Data you can actually trust: When all your quality data come from one place, you can be certain that they’re all correctly time-stamped and correlated. That’s especially important in regulated industries where audit trails and traceability aren’t just nice-to-have features—they’re essential.

Faster problem solving: When there’s an issue (and let’s be real, there’s always an issue), you have only one place to look instead of four. Modern diagnostics give you an overview of what’s going on in your whole system. Root cause analysis is straightforward instead of an exercise in detective work.

Better security: Cybersecurity risks are real, and increasingly, quality systems are targets because compromising them will have an immediate business effect. One controller means one security perimeter to protect instead of four. Much simpler, much safer.

The trade-offs (because nothing’s perfect)

For all the benefits, there are trade-offs. Specialized controllers can squeeze a little more performance out of narrow uses. But here’s the thing: Integration’s quality benefits almost always overshadow these small performance differences.
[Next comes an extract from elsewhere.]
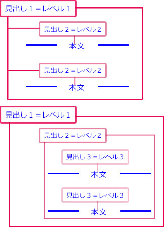 ( くれぐれもH2の後にH4が来たり、H3の下の小見出しにH2をつけたりしないように気を付けてください。)

The biggest challenge is usually dealing with legacy systems. You can’t just rip everything out and start from scratch. Would that it were that easy, right? But you can chart a phased migration that maintains quality while progressively upgrading capabilities.

Where this is all heading

If you’re in pharma production, aerospace, medical devices, or any other industry where quality failures are catastrophic, this technology is a game-changer. The more demanding your quality requirements, the more you’ll benefit from consolidation. Also, if you’re confronted with legacy systems that are becoming maintenance nightmares or can’t handle new quality requirements, controller consolidation often provides features simply not available before.

The future is very promising. Software-defined automation enables seamless expansion of disciplines without modifying hardware. Imagine upgrading or patching independently from control systems, much like adding new apps to a smartphone.

We’re also seeing IT and operational technology converging, so real-time quality dashboards, predictive analytics, and automated reporting are becoming standard. With all the new sustainability and traceability requirements coming down the pike, having integrated data capture isn’t just a nicety—it’s more a necessity.

The bottom line

If you’re thinking about control architectures, start with your quality requirements. Work your way backward from there. Unified controllers in this day and age offer quality that multicontroller setups simply can’t match.

The question isn’t whether dedicated controllers can be matched by these new systems—generally, they’re exceeded. The question is whether you can afford the quality compromises of fragmented architectures.

Manufacturing quality demands just keep increasing, and single-controller systems aren’t just keeping up—they’re setting new benchmarks. It’s not a question of choosing a control architecture; it’s a question of choosing a platform for long-term quality excellence.

We’re rapidly moving toward a future where you choose the functions, features, and the capacity you want, and the appropriate package will be put together. Once you see what integrated control can do to your quality figures, you’ll wonder how we ever thought multiple controllers were a good idea in the first place.